Наступило продолжительное молчание. Мы сидели по разные стороны моего стола, молча уставившись друг на друга.
— Я хочу взять к себе мою малышку, — сказал Кениг, — здесь во Флориде у меня нет адвоката, он остался в Новом Орлеане, там, где я живу. Я был бы вам очень признателен, если бы вы смогли бы выяснить для меня, что именно говорит закон по поводу опеки.
— Я конечно же постараюсь помочь вам в этом, мистер Кениг. Вы не станете возражать, если я оставлю это письмо у себя на некоторое время?
— Разумеется, не буду.
— А где я смогу разыскать вас здесь, в Калусе?
— Я остановился в отеле «Брейквотер Инн». Я приехал вечером в субботу, успел даже побывать на втором концерте Викки в том ресторане на Стоун-Крэб.
— Так вы здесь с субботы? — переспросил я.
— Да, сэр. Я выехал из Нового Орлеана рано утром в пятницу.
— Мистер Кениг, я должен вам кое-что сообщить, мне кажется, что вам это необходимо знать…
— Что такое?
— …но я не уверен, что вы должны узнать это именно от меня. Может быть даже будет лучше, если вы обратитесь в полицию.
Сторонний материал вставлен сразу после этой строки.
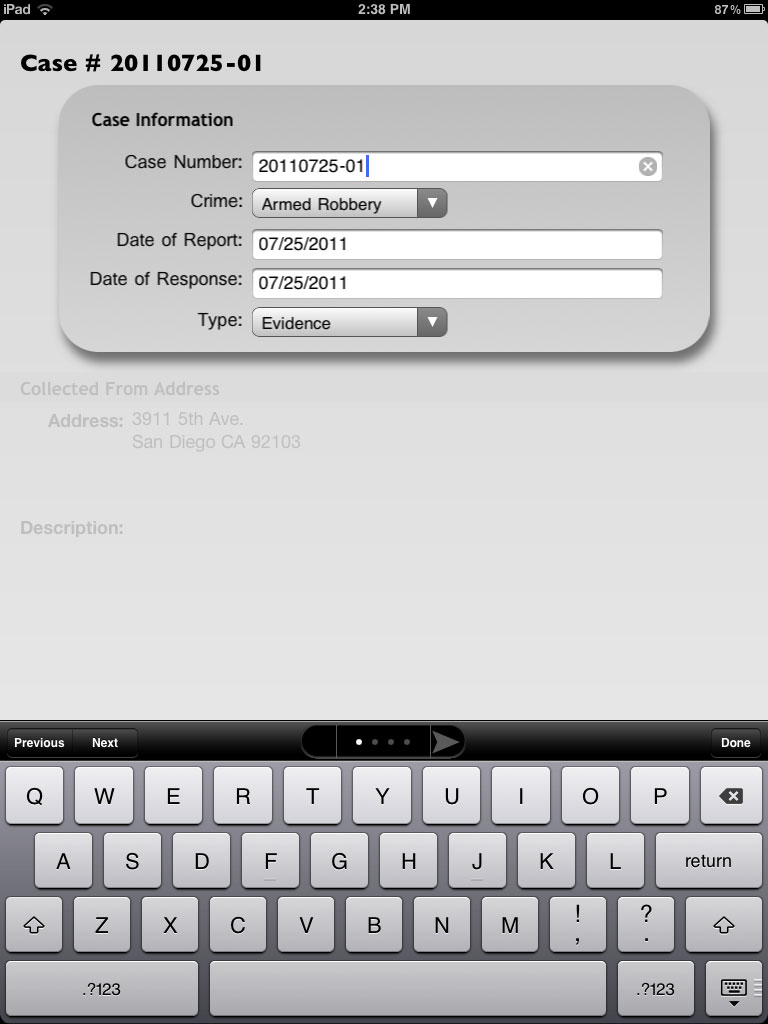 Enter case information. Enter case or incident number, crime type, dates of report and response, type of evidence, and address or location of crime. Reduce documentation time with autofill of address and GPS coordinates.

— А это еще зачем? Мне еще ни разу в своей жизни не доводилось встречать сколь-нибудь стоящего полицейского. Никто из них не стоит даже того слова, что изводится на значки, которые они цепляют на свои мундиры. А что, полиция уже начала выяснять, не может ли еще кто-нибудь взять опеку над моей дочерью? Знаете, мистер Хоуп, я скучал без нее все эти годы, и будь я проклят, если я позволю кому-нибудь другому забрать ее у меня. Теперь, когда Викки уже больше нет. Так вы мне это собирались сказать?
Я глубоко вздохнул.
— Вашу дочь похитили.
— Что-что? — переспросил он.
— Примите мои соболезнования.
— О, Боже мой, — вырвалось у Кенига. — Боже мой! Что… кого я… что… о, Боже!..
Я написал на обороте своей визитной карточки имя Мориса Блума и адрес полицейского участка. После этого я связался по селектору с Синтией и спросил ее, не может ли она оказать мне любезность и отвезти господина Кенига в центр города. Пошатываясь, он вышел из моего кабинета, и выглядел он тогда еще лет на десять старше, чем тогда, когда он только-только входил сюда.
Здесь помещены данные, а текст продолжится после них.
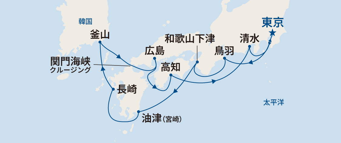 航路 | 東京~ 鳥羽~ 和歌山下津~ 油津(宮崎) ~ 長崎~ 釜山~ 関門海峡クルージング~ 広島~ 高知~ 清水~ 東京 |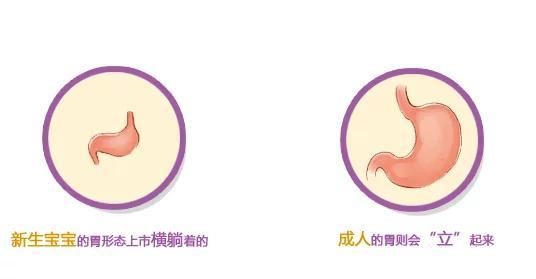 新生儿的胃部,从正面看是横躺着的,呈不稳定状态,同时贲门部位(胃部入口)还比较松。也就是说,大人吃饭时,当食物进入胃部后,贲门会通过收缩来防止食物逆流回食道;但由于婴儿的胃贲门部位还不能很好地进行收缩,从而导致进入胃部的奶汁等能比较容易地流回食道。

В тот день раньше, чем в шесть часов вечера мне домой попасть было не суждено. Включив телевизор, я направился к стенному бару, намереваясь сделать себе двойной мартини — уж слишком длинным мне показался тот день. В то время как я смешивал «Бифитер» с вермутом, по телевизору начались шестичасовые новости. Мой компаньон Фрэнк говорит, что в Нью-Йорке (мне кажется, что он считает это признаком некой особой утонченности, что ли) каждый день совершается столько преступлений, что газеты и телевидение освещают только самые-самые наикровавейшие из них; там, в Нью-Йорке, для того чтобы твое имя замелькало бы в газетных заголовках, нужно по крайней мере убить полицейского, или же, орудуя топориком для разделки мяса, вырезать всю свою семью и в придачу к ней еще и соседа, что живет этажом выше. В Калусе тоже время от времени совершаются убийства, но это вовсе не означает того, что все мы настолько устали от подобных сообщений, что не находим в себе сил даже для того, чтобы прореагировать на случившееся; наши местные газеты и телевидение редко когда обходят молчанием даже какое-нибудь непреднамеренное убийство, совершенное из мелкокалиберного оружия. «В Калусе очень легко завладеть вниманием толпы», — сухо констатирует Фрэнк. Иногда Фрэнк просто выводит меня из себя, но все же он очень хороший юрист, а еще мне кажется, что он мой самый лучший и близкий друг.